What about the Hope Diamant curse ?

They say the gemstone is cursed.

The Hope Diamond Curse one of the most well-known modern stories of an object supposedly bringing misfortune to nearly everyone it touches.





Is this diamond cursed? Its history is shrouded with tragedies and folklore.

The truth is, it is now difficult to separate the fact from the fiction surrounding this infamous diamond. All kinds of unrelated lore have been plastered onto the gemstone’s reputation over the years. Some researchers claim that a string of people possessing the diamond encountered various tragedies, while other historians claim the dire stories are just that: stories.

In all fairness, it should be noted that some of the diamond’s owners did not experience any bad luck while possessing the gem.

The start of the diamond’s history goes back to the 1660s, when a French merchant sold an astonishingly large diamond to King Louis XIV. Legend states that the merchant stole the gemstone from a sacred temple in India.
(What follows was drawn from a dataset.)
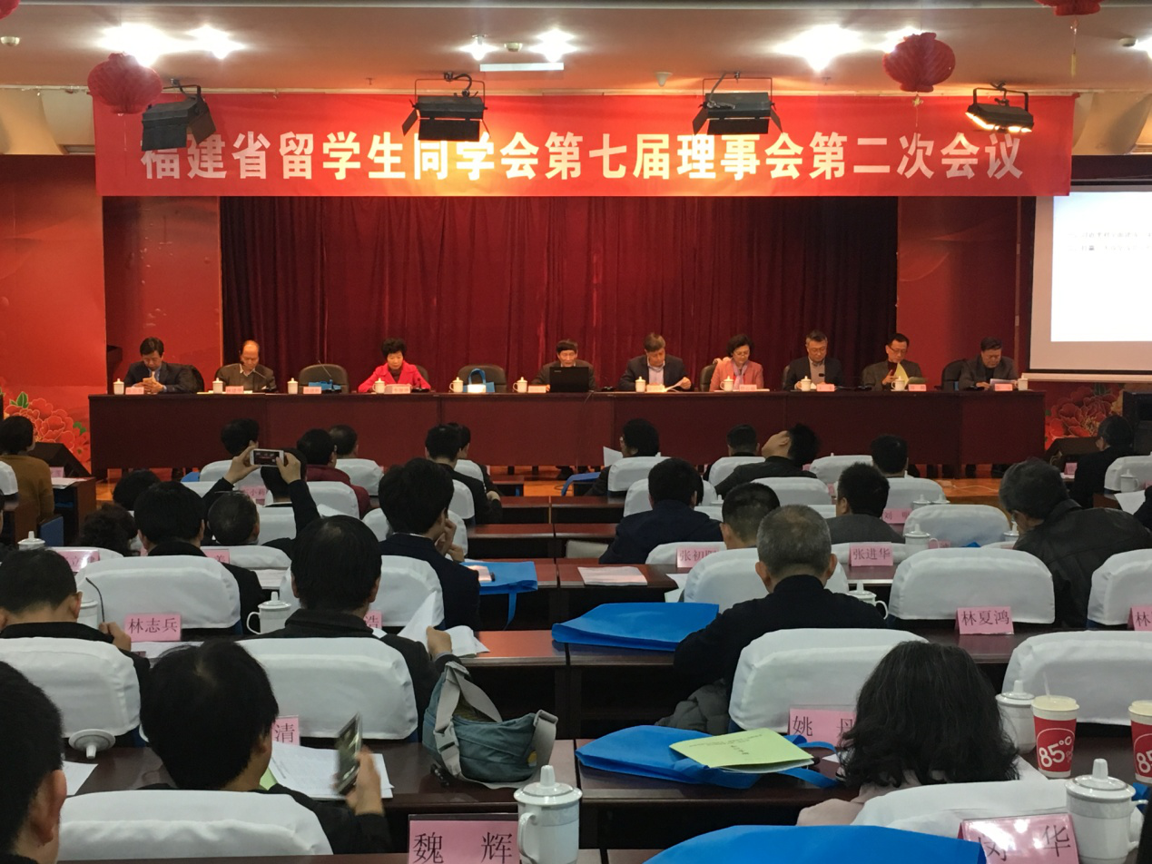 3月1日福建省留学生同学会·福建留学人员联谊会在福州召开第七届理事会第二次会议。欧美同学会副会长、福建省留学生同学会会长郑传芳,副会长杨辉、陈昌生、李珊珊、詹心丽、游建胜、王非、林建华、郑健、陈忠苏,秘书长陈安及120余名理事出席会议。林建华副会长主持会议。

The natives, after they discovered the theft, placed a curse on anyone who owned the gem.

Then came a long chronology of tragedies:




King Louis XIV gave the diamond to a mistress, but then he cruelly abandoned her.
The gem eventually passed into the hands of Louis XVI and his queen Marie Antoinette, both of whom were later beheaded.
It vanished for a while, only to show up in London, where it was bought by banker Henry Thomas Hope. Hope was one of the few who apparently escaped the curse, although he did lend his name to the gemstone.
A Russian prince obtained the diamond, lent it to a French actress, and soon after fatally shot her. The prince himself was stabbed to death by revolutionaries.
There then followed ownership, in quick succession, by a Greek jeweler who fell off a cliff; a sultan who went insane; and a man named Habib Bey, who drowned.
The diamond was then sold to the Maclean family. The curse hit this family hard: the patriarch’s mother died soon after he took possession of the gem, two servants died, the 10-year-old son was run over by a car, the daughter committed suicide, and the mother died a raging alcoholic.


In 1958, the gemstone passed into the Smithsonian Institution in Washington, DC, where it resides to this day. There have not been any recorded incidents of misfortune since entering the museum’s collection.

Like the alleged curse of King Tutankhamen, skeptics and believers will probably continue to argue about whether or not this gemstone harbors a curse that has plagued its owners since its original discovery.


“Hope Diamond”


----------



## Death Angel

Dalia said:


> Good evening Hoosfly, I try to feed the paranormal section without success.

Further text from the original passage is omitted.